Когда страдания Кнута Гамсуна в Психиатрической клинике подошли к концу, мы с писателем Христианом Гиерлёффом поехали в Виннерен, где находилась клиника, и забрали его оттуда. Он был ужасно подавлен. Во время моего последнего визита, он был еще в состоянии спуститься в маленький парк, окружавший клинику. Мы сели с ним на скамью в стороне от остальных пациентов, которые бродили по дорожкам. Со мной был мой сын Лейф. Я уже писал об этом раньше, но не могу забыть эту сцену и расскажу о ней еще немного. У меня был с собой пакет винограда, редкое лакомство в то время, отец был рад любым фруктам…. Когда я был мальчиком, он рассказывал мне о сказочно вкусном винограде, который он ел на Кавказе, сладком и с очень тонкой кожицей. Он снова вспомнил о нем, наверное для того, чтобы что-то рассказать Лейфу. Отец погладил Лейфа по голове, поблагодарил за виноград, и некоторое время мы сидели молча. Потом, оглядевшись по сторонам и подождав, когда двое проходящих мимо людей отойдут подальше, он наклонился ко мне и прошептал мне на ухо:

— Ты себе не представляешь… здесь настоящий ад!

Дальше последовали какие-то бессвязные слова, и я понял, что он не в силах собраться с мыслями, чтобы подробнее рассказать об этом, уж очень он боялся, что кто-нибудь услышит его характерный для глухих громкий голос.
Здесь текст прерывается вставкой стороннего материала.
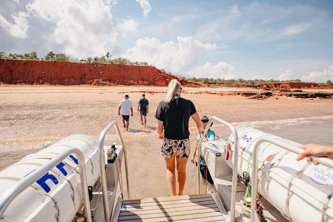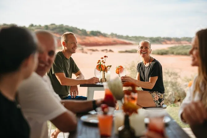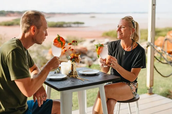 Camina sobre huellas reales de dinosaurios cerca de Broome, navega por Dampier Creek con vino espumoso y bocados gourmet. Tras avistar fauna en Roebuck Bay, relájate con cócteles y una cena de cinco tapas junto al agua. Risas, historias locales y quizás un poco de pastel de chocolate en la camisa—así es este día.

Через неделю, когда мы ехали на автомобиле через город, Гиерлёфф пытался его подбодрить, показывал на знакомые дома, на улицу Карла Юхана, на ратушу. Мы подъехали к пристани у крепости Акерсхюс, откуда отходил наш пароход. Гиерлёфф с отцом первые поднялись на борт, я шел следом с чемоданом отца. Нашу поездку в Арендал и как мы плыли на пароходе Гиерлёфф описал в своей небольшой книжке «Собственный голос Кнута Гамсуна»{131}. О том, что позднее из-за бескомпромиссности отца, не позволившего кое-что вычеркнуть из книги «На заросших тропинках», между друзьями произошел разрыв, никто не жалеет больше, чем я. Гиерлёфф бескорыстно и великодушно поддерживал отца все эти годы, когда старые знакомые отвернулись от него. Он долго был другом отца. И Мунка. Этот человек умел находить общий язык с гениями. Гиерлёфф потерял доверие отца, а этого не произошло бы, если бы он проявил выдержку и не стал вмешиваться в ту область, в которой отец привык царить безраздельно. Спор шел вот о чем: должна ли в книге отца упоминаться фамилия главного врача Психиатрической клиники профессора Лангфельдта или только его должность? Часть сильных выражений отец все-таки вычеркнул, но фамилия профессора, по его мнению, должна была навечно сохраниться в его книге. Он проигнорировал угрозу, что на него подадут в суд за клевету (такая попытка ни к чему не привела), и просил избавить его от вмешательства Гиерлёффа.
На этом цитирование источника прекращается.